For the classification case PRL x NDL, the results obtained using the reconstruction delay estimated with the KSG estimator presented higher average accuracy of the classifier when compared with results from naive estimator. Sensitivity and specificity also presented increased values.

For the classification case PRL x EDM, the results obtained using KSG estimated reconstruction delay presented lower average accuracy of the classifier when compared with results from the naive estimator, the accuracy obtained value was 43,44% from 55,56% of the naive estimator. However, the variance in this case was lower for all criteria with the KSG estimator.

Discussion

Discrimination between voices pathologies using nonlinear measurements is still not much explored. Some papers use several non-linear combined measures such as ^{Costa et al. (2013)} who combine 8 nonlinear measurements in healthy x pathological classification. They use the same database presented in this paper. In the classification between pathological voices the authors combine the 8 nonlinear measurements with LPC (Linear Predictive Coding). ^{Pinho et al. (2016)} use great, medium, minimum and maximum values of τ to resconstruct phase space and use image measurements for discrimination between healthy x pathological voices. ^{Henriquez et al. (2009)} use 4 non-linear measurements combined to discriminate between healthy x pathological voices.

In this paper we used a single nonlinear measurement both in healthy x pathological voices and classification between pathological voices. We presented the reconstruction delay as a parameter applied in order to detect the presence of voice pathologies or in order to discriminate pathologies. This reconstruction delay was estimated by a new method of estimation named KSG, which has presented less biased estimates when compared with the naive estimator usually adopted.

The choice of a more accurate estimator makes the classifier more efficient, since KSG estimation approaches a value that better fits the characteristics of a true reconstruction delay. It is a well known fact that a too short reconstruction delay will not capture the dynamics of the data, while a too large reconstruction delay will make it completely independent in a statistical sense ( ^{Abarbanel, 1996} ). The reconstruction delay estimated with KSG method captures the dynamics of voice data more reliably, which in turn allows improved performance of classification. This was observed in the results of this paper. The reconstruction delay estimated with KSG method diagnosed more accurately in most cases.

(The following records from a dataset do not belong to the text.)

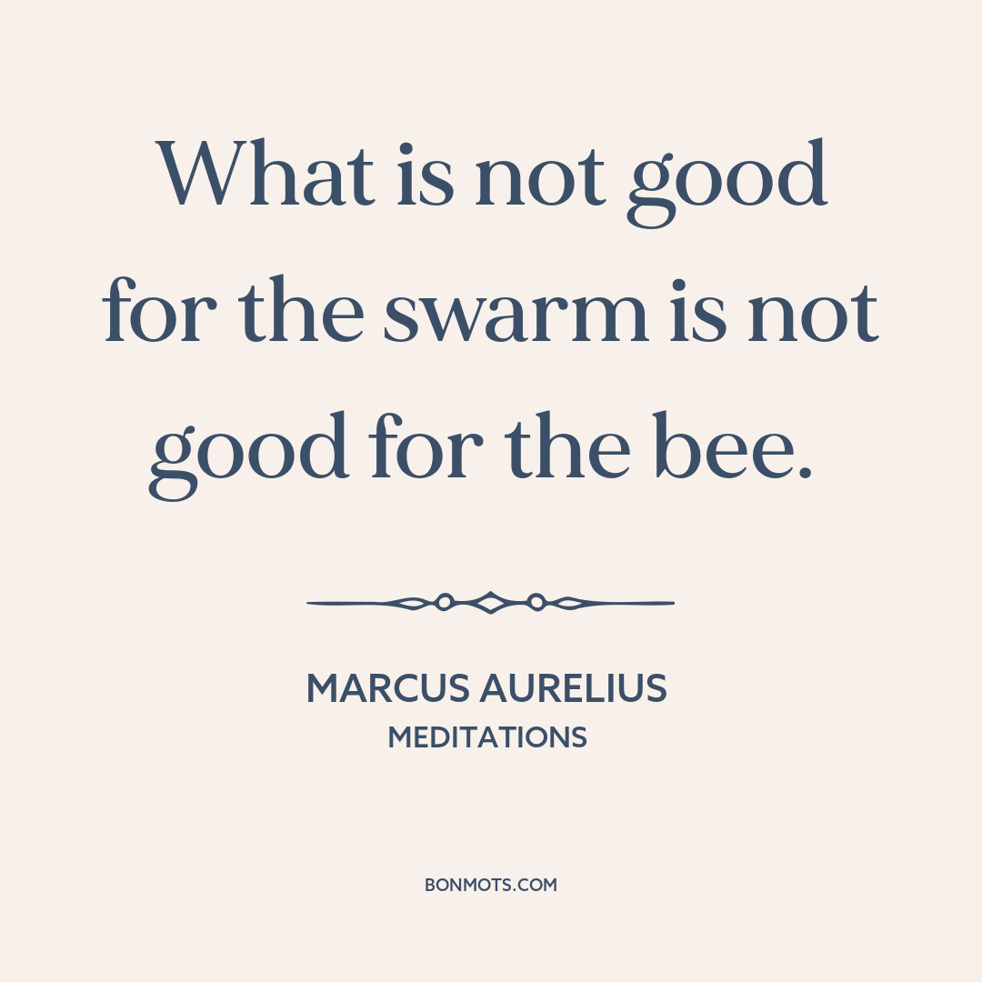 What is not good for the swarm is not good for the bee.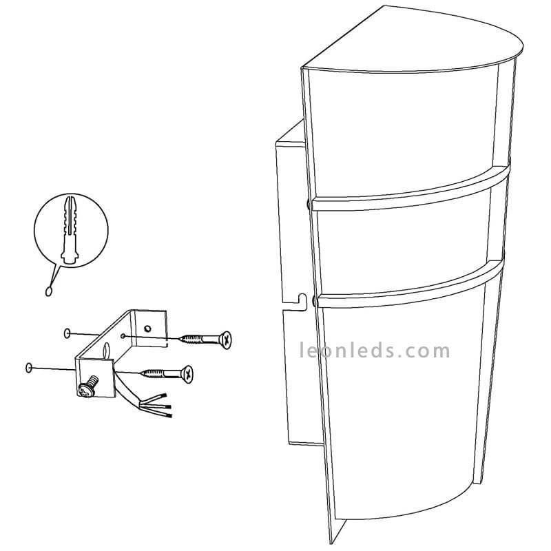 Sie verfügt über integrierte LED-Technologie mit 1 LED, die einen Lichtstrahl in 3000K und 360Lm mit einer Leistung von 2X2,5W abgibt. Sie hat einen verlängerten weißen Schirm, hinter dem die LED geschützt ist vor sämtlichen Witterungseinflüssen, dank ihres Schutzes gegen Wasser und Staub mit IP44-Niveau. Außerdem wird das Licht frontal durch die Aluminiumbereiche, die die Lampe umgeben, abgegeben.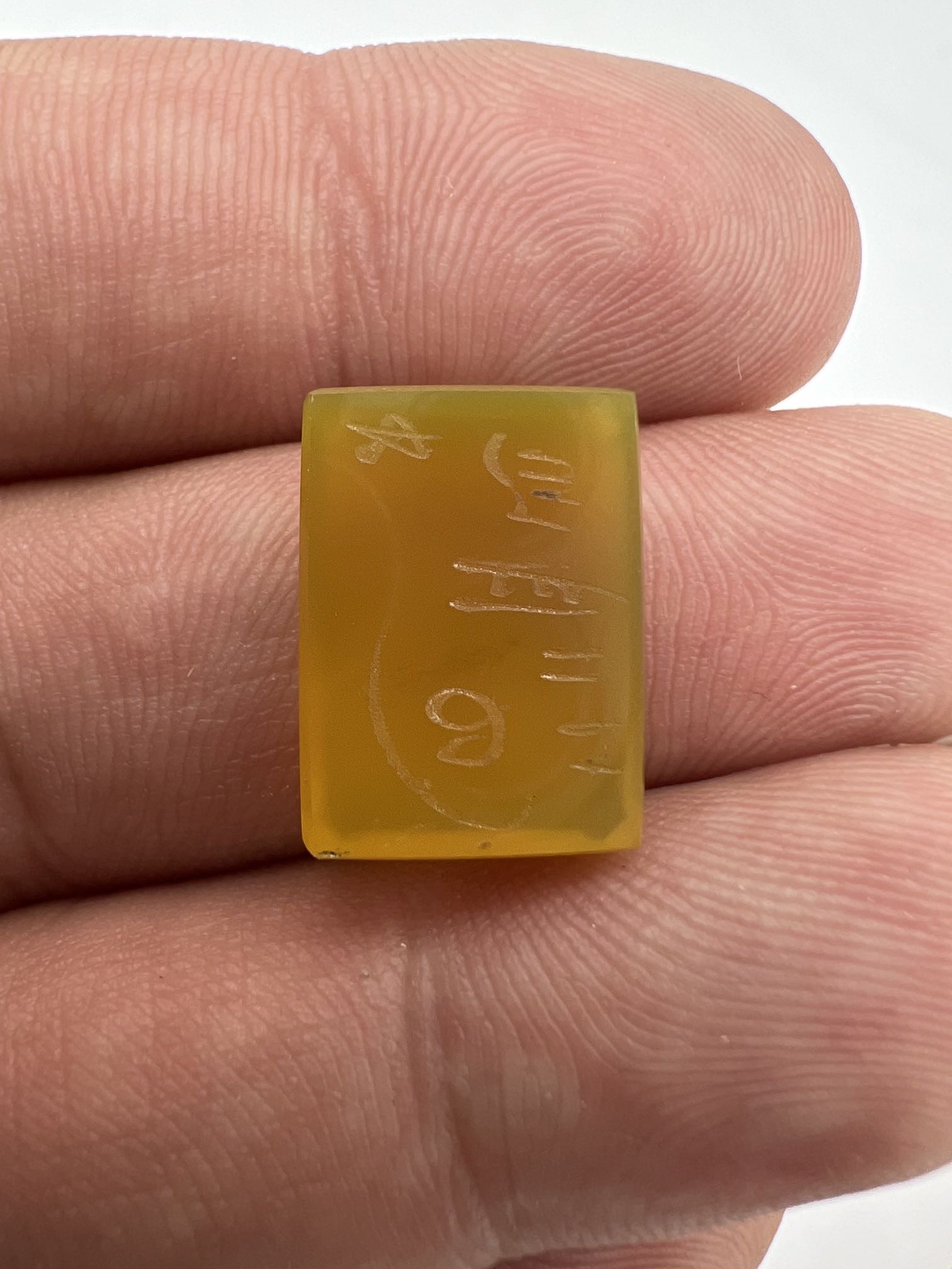 سنگ عقیق زرد خوشرنگ رو مشاهده میکنید که دعای شرف الشمس پشت آن حکاکی شده

For the first analyzed case, discrimination between healthy voices versus pathological voices, the classification with KSG estimator presented improved performance when compared to classification with the naive estimator, for the criteria accuracy and sensitivity.

The comparison between heathy voices and voices with some particular pathology (the second classification case, Healthy x Edema, Healthy x Paralysis and Healthy x Nodule) showed that KSG estimator once again presented improved performance over the naive method.

In classification between pathology voices, the results obtained with KSG estimator, for classification cases Edema x Nodule and Paralysis x Nodule, confirm the superiority of this method. Only for the classification case Paralysis x Edema the results with naive estimator were better than using KSG estimator. This fact may have occurred by some particular characteristic of the signals affected by paralysis and edema. As a matter of fact, the statistical test showed that the KSG estimated τ for both classes (paralysis and edema) were not significantly different. This explains why the discriminatory potential of the reconstruction delay is reduced in this particular case.

We stress that the results obtained in this paper are interesting for the case of detection of a disease as also for the case of classification between pathologies. The classification between pathologies is still an unexplored subject in the literature.

Finally, from the present work, we conclude that the use of KSG estimation for the reconstruction delay on phase space is a promising technique, which can be considered to improve the diagnosis of voice related pathologies.